··· Input

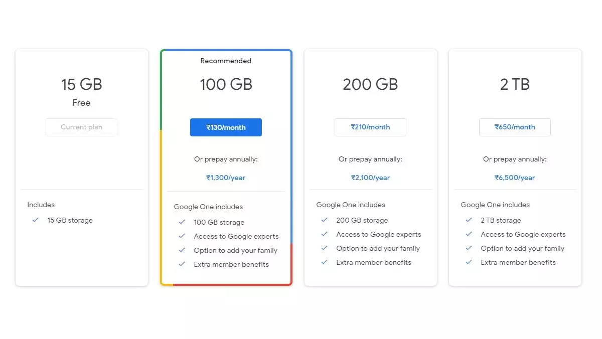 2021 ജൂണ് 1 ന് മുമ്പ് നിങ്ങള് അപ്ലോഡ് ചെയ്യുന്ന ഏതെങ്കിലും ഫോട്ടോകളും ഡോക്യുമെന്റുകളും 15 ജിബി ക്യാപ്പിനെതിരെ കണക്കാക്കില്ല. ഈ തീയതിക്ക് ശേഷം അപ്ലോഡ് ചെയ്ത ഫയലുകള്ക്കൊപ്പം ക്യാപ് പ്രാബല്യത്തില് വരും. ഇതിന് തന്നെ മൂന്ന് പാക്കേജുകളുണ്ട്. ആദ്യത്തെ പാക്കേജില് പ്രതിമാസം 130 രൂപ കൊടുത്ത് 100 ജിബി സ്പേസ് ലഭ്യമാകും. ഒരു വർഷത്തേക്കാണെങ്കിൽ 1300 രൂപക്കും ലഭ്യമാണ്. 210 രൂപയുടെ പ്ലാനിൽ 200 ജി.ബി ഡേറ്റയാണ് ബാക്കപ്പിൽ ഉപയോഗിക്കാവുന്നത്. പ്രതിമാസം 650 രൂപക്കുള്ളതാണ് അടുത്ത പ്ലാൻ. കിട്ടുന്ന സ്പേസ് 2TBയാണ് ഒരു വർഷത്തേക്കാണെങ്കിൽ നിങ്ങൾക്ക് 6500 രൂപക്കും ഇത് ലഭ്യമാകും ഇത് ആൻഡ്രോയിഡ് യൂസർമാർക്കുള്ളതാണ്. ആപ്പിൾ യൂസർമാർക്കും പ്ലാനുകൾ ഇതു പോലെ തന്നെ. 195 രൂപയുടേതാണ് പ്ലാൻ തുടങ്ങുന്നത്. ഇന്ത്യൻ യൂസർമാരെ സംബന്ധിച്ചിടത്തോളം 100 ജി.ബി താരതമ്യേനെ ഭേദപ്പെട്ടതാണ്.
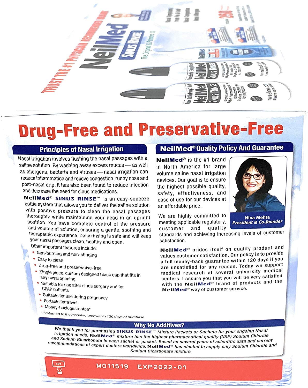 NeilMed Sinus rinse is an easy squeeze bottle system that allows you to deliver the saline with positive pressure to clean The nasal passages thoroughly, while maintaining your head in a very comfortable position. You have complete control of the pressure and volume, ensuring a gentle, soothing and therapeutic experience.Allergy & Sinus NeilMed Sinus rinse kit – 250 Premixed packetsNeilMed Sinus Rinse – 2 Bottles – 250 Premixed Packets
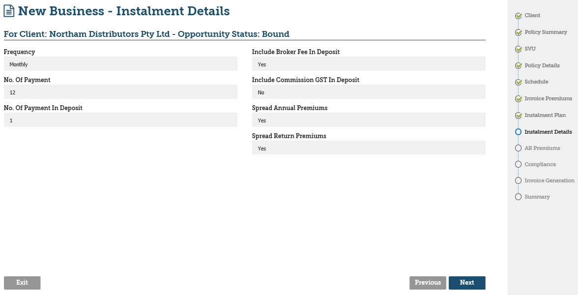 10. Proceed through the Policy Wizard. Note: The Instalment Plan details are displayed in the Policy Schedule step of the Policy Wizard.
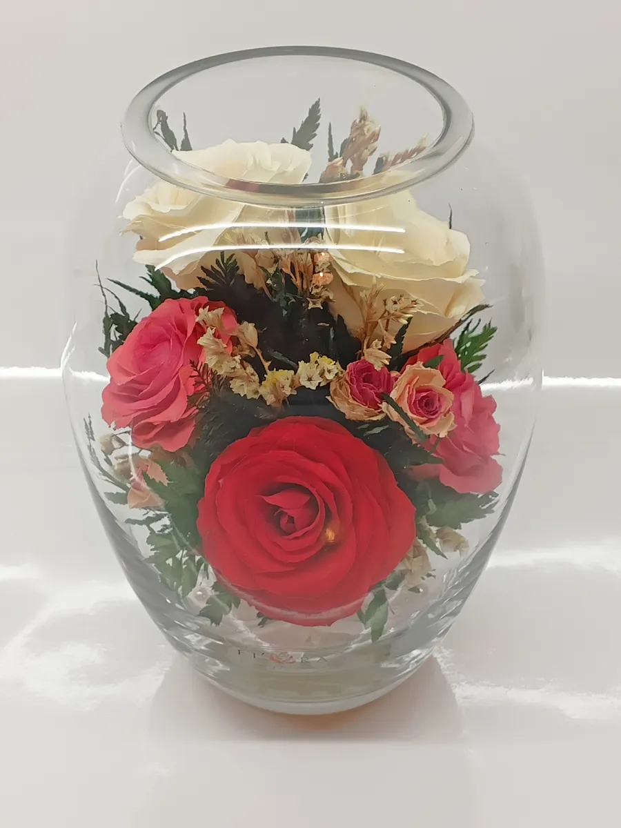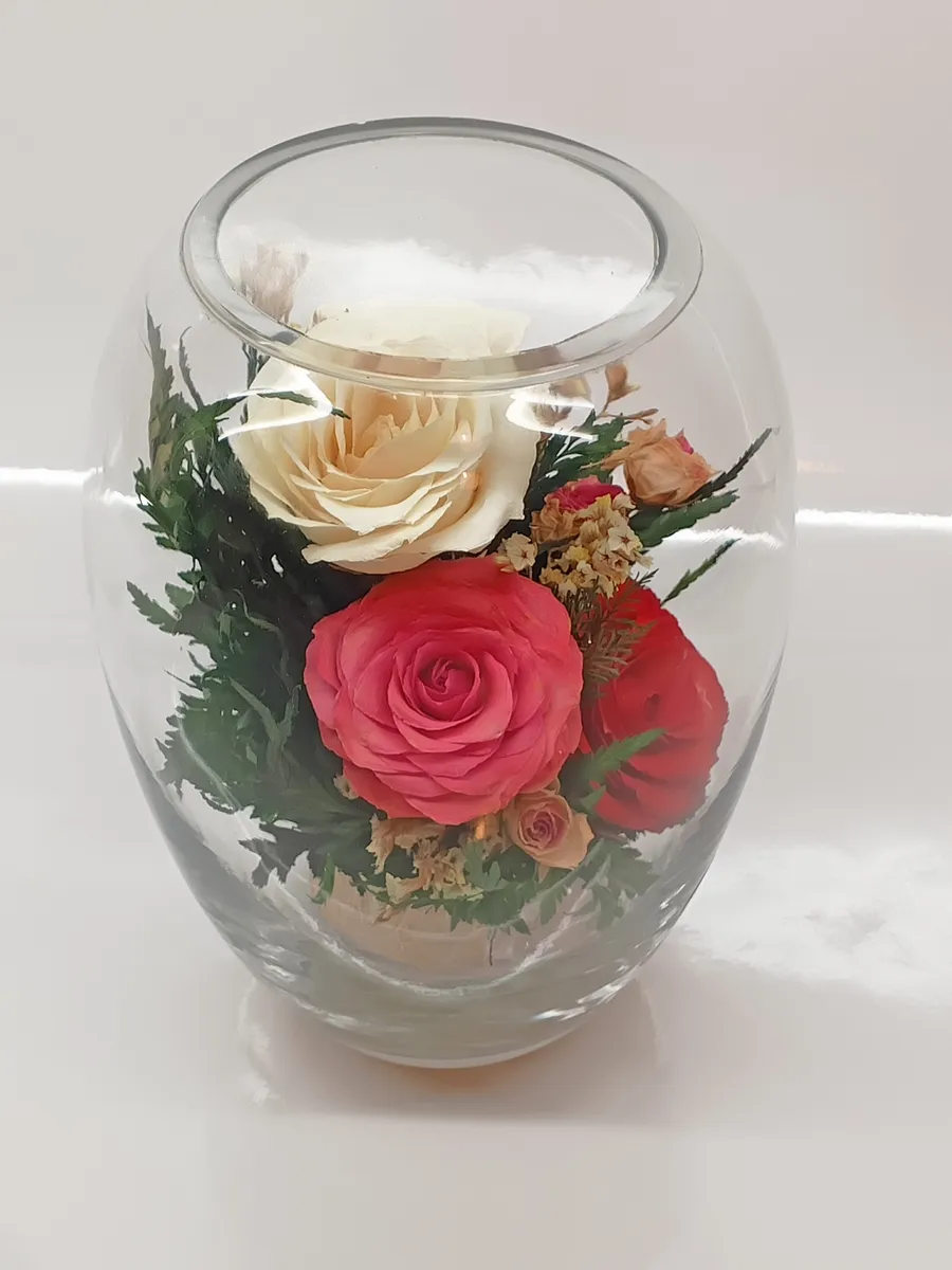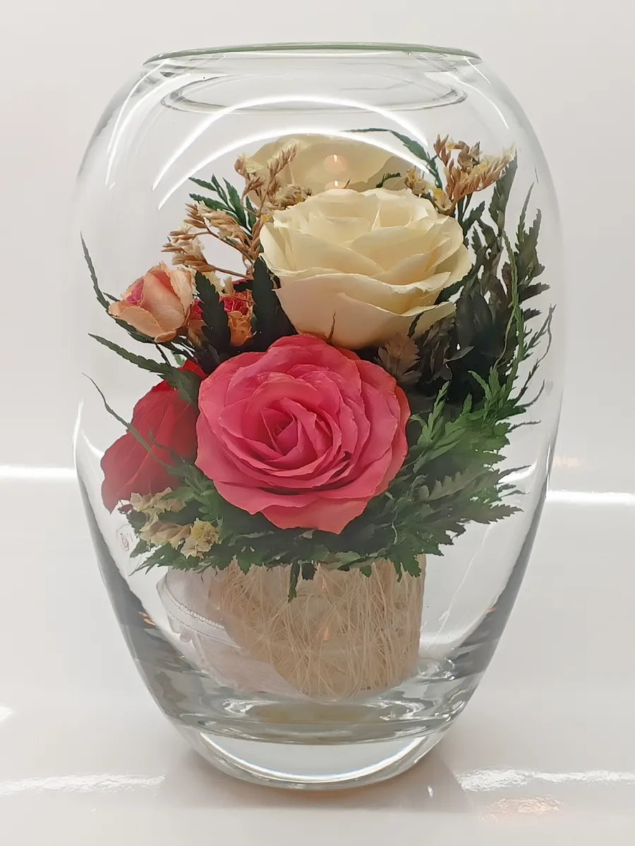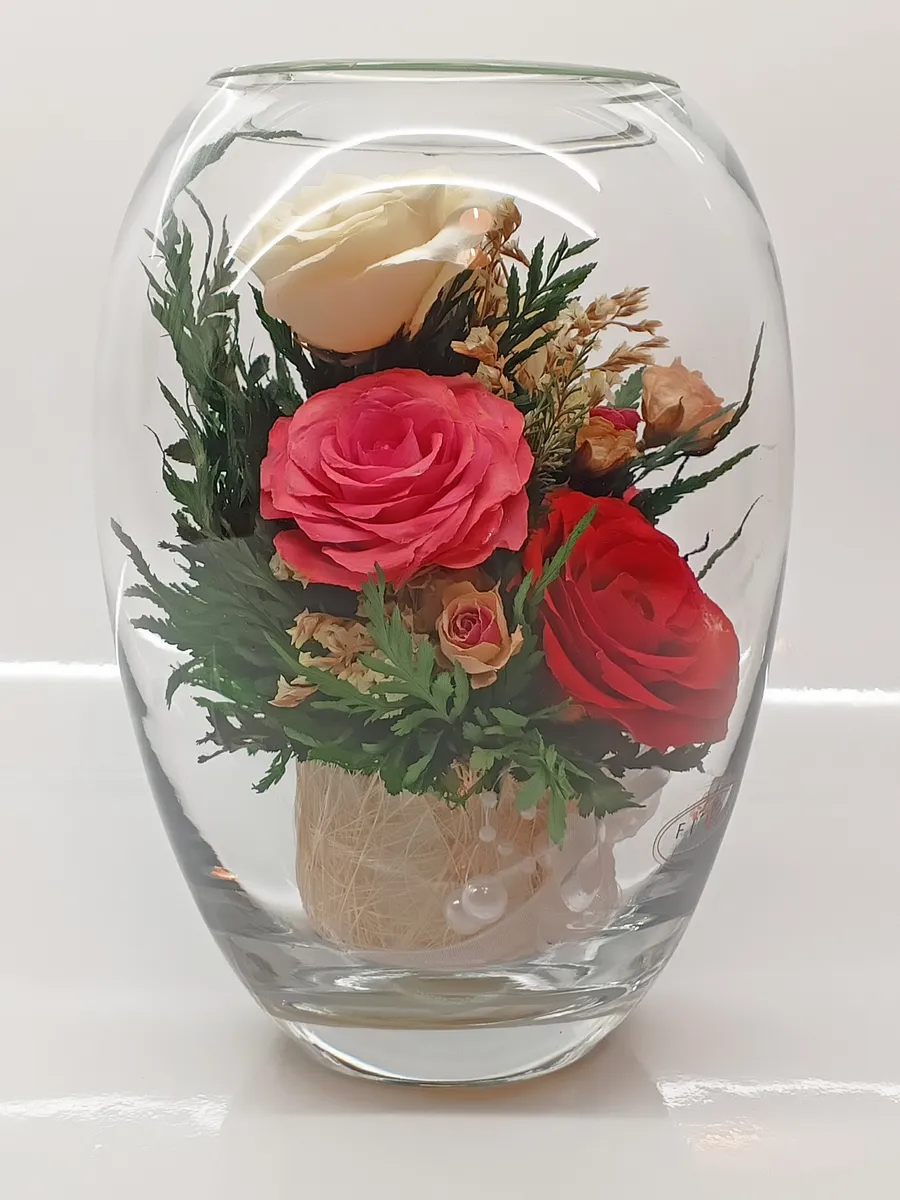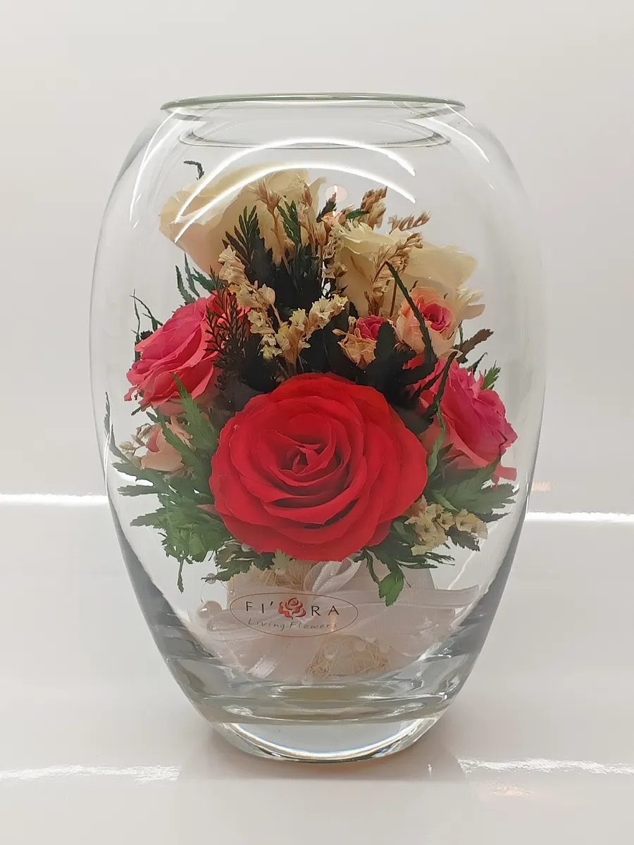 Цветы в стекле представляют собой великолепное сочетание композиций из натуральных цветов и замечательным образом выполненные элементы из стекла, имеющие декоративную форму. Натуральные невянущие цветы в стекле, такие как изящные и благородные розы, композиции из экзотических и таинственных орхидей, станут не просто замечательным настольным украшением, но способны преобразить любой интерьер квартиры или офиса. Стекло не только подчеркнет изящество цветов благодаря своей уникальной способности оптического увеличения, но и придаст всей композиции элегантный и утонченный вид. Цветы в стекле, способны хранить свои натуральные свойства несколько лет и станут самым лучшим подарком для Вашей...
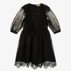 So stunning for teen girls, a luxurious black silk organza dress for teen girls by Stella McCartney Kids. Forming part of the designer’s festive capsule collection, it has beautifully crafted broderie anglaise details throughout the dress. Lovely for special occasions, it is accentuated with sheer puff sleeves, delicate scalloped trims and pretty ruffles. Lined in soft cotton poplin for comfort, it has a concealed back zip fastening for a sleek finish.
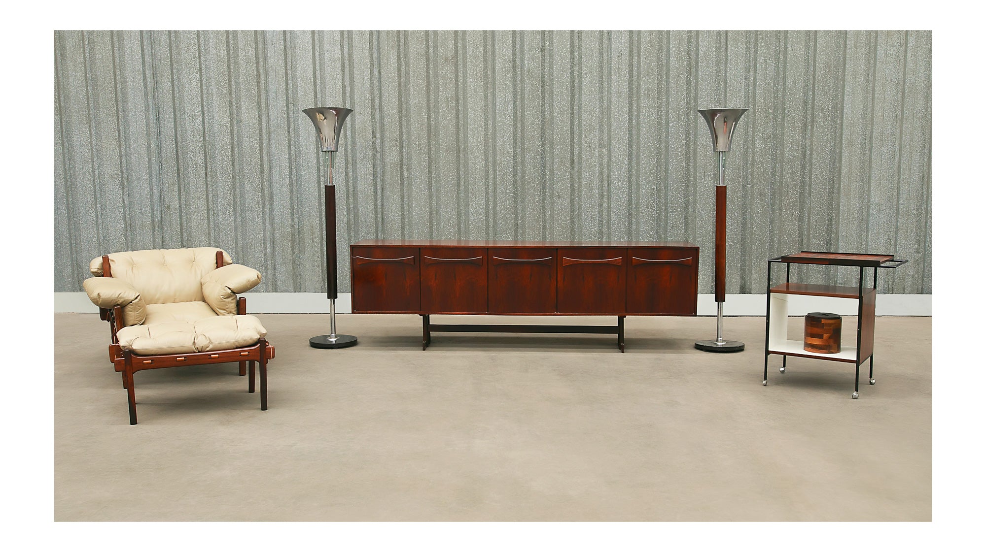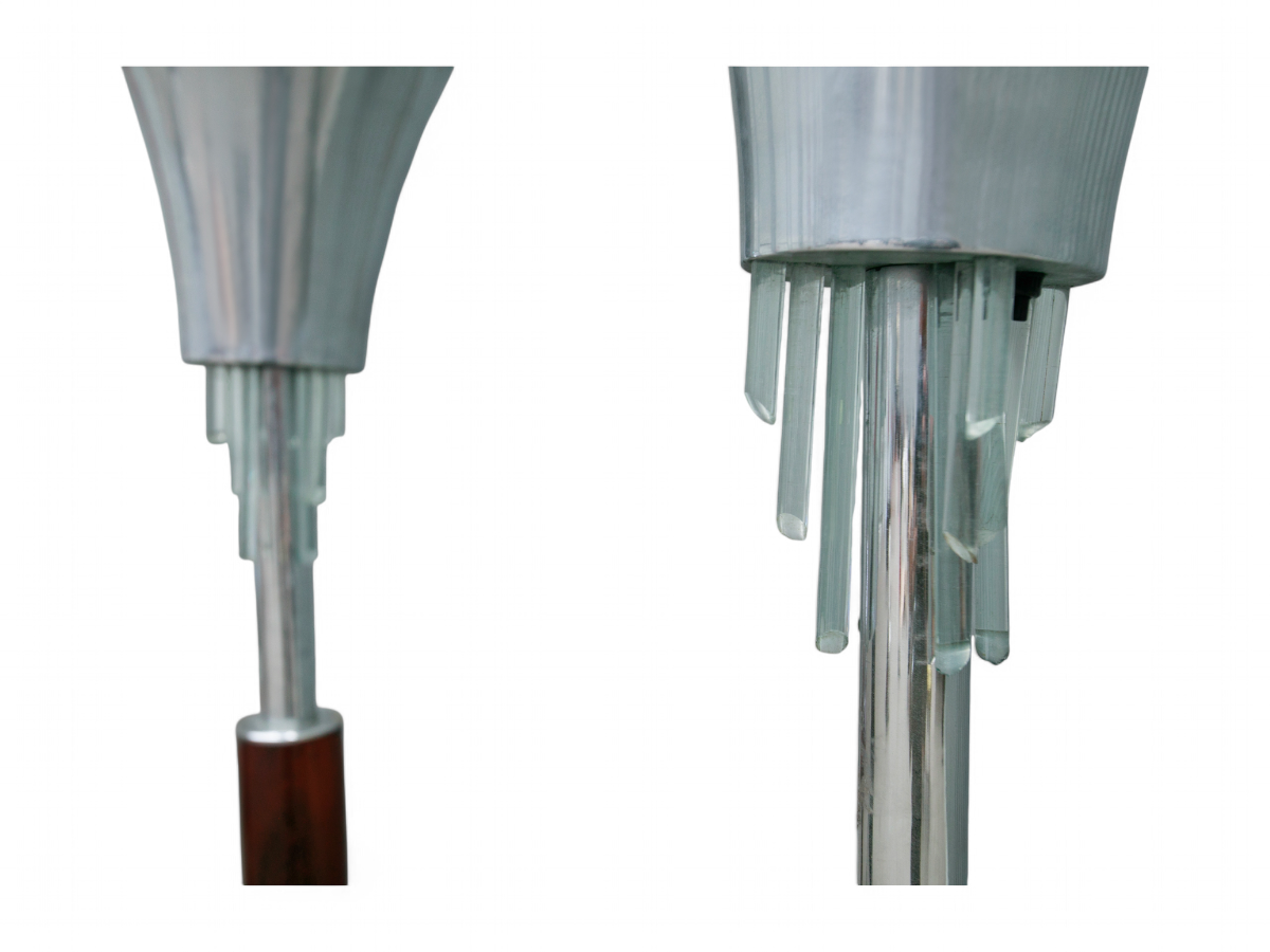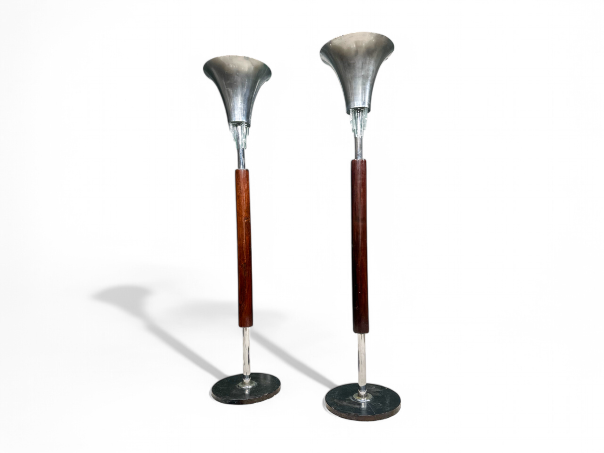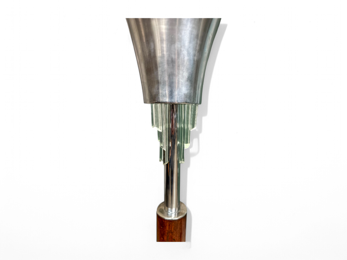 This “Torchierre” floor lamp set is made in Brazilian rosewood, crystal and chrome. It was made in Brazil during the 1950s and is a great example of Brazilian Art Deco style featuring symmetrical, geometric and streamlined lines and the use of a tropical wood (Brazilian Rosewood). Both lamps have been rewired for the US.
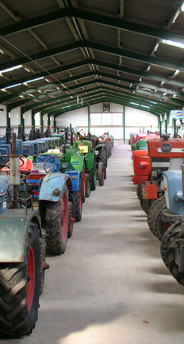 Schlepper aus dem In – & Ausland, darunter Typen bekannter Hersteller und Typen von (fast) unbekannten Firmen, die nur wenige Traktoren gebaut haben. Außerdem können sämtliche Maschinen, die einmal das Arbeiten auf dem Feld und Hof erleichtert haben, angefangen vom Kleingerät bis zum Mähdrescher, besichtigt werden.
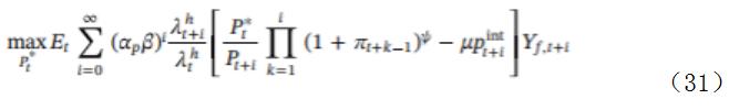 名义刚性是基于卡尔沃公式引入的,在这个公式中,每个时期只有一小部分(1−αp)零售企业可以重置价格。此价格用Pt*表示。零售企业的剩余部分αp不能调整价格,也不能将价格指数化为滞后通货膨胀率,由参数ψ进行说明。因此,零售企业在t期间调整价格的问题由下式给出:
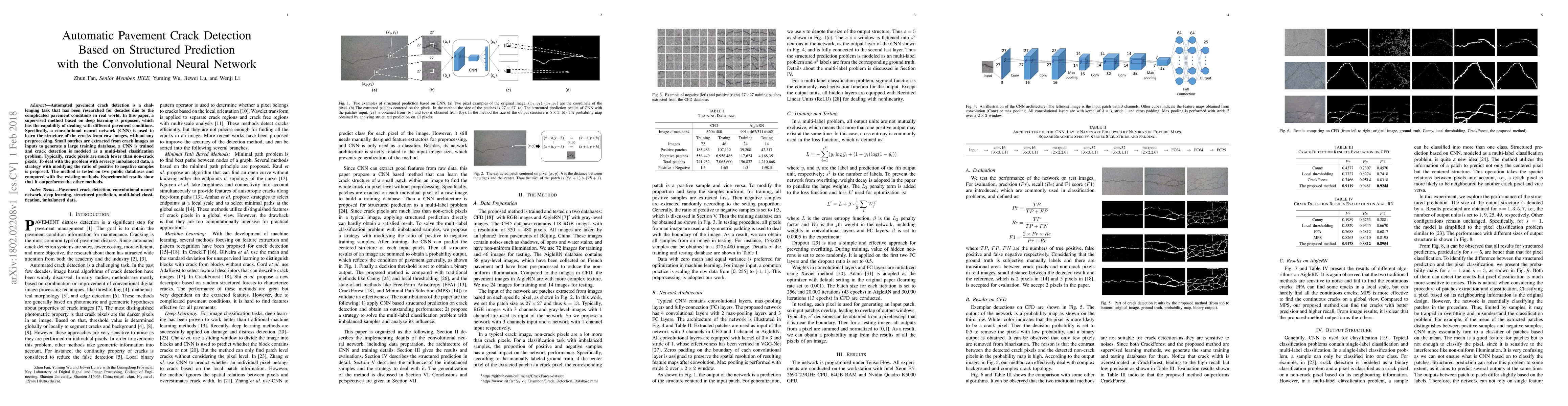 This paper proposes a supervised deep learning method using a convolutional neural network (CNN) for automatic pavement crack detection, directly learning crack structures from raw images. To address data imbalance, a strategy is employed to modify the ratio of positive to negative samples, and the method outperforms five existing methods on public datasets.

······

** Work required **
The lines to reproduce run from the one above containing "Цветы в стекле представляют" through the one containing "Schlepper aus dem". Copy them exactly and leave out all pictures.

** The answer **
 Цветы в стекле представляют собой великолепное сочетание композиций из натуральных цветов и замечательным образом выполненные элементы из стекла, имеющие декоративную форму. Натуральные невянущие цветы в стекле, такие как изящные и благородные розы, композиции из экзотических и таинственных орхидей, станут не просто замечательным настольным украшением, но способны преобразить любой интерьер квартиры или офиса. Стекло не только подчеркнет изящество цветов благодаря своей уникальной способности оптического увеличения, но и придаст всей композиции элегантный и утонченный вид. Цветы в стекле, способны хранить свои натуральные свойства несколько лет и станут самым лучшим подарком для Вашей...
 So stunning for teen girls, a luxurious black silk organza dress for teen girls by Stella McCartney Kids. Forming part of the designer’s festive capsule collection, it has beautifully crafted broderie anglaise details throughout the dress. Lovely for special occasions, it is accentuated with sheer puff sleeves, delicate scalloped trims and pretty ruffles. Lined in soft cotton poplin for comfort, it has a concealed back zip fastening for a sleek finish.
 This “Torchierre” floor lamp set is made in Brazilian rosewood, crystal and chrome. It was made in Brazil during the 1950s and is a great example of Brazilian Art Deco style featuring symmetrical, geometric and streamlined lines and the use of a tropical wood (Brazilian Rosewood). Both lamps have been rewired for the US.
 Schlepper aus dem In – & Ausland, darunter Typen bekannter Hersteller und Typen von (fast) unbekannten Firmen, die nur wenige Traktoren gebaut haben. Außerdem können sämtliche Maschinen, die einmal das Arbeiten auf dem Feld und Hof erleichtert haben, angefangen vom Kleingerät bis zum Mähdrescher, besichtigt werden.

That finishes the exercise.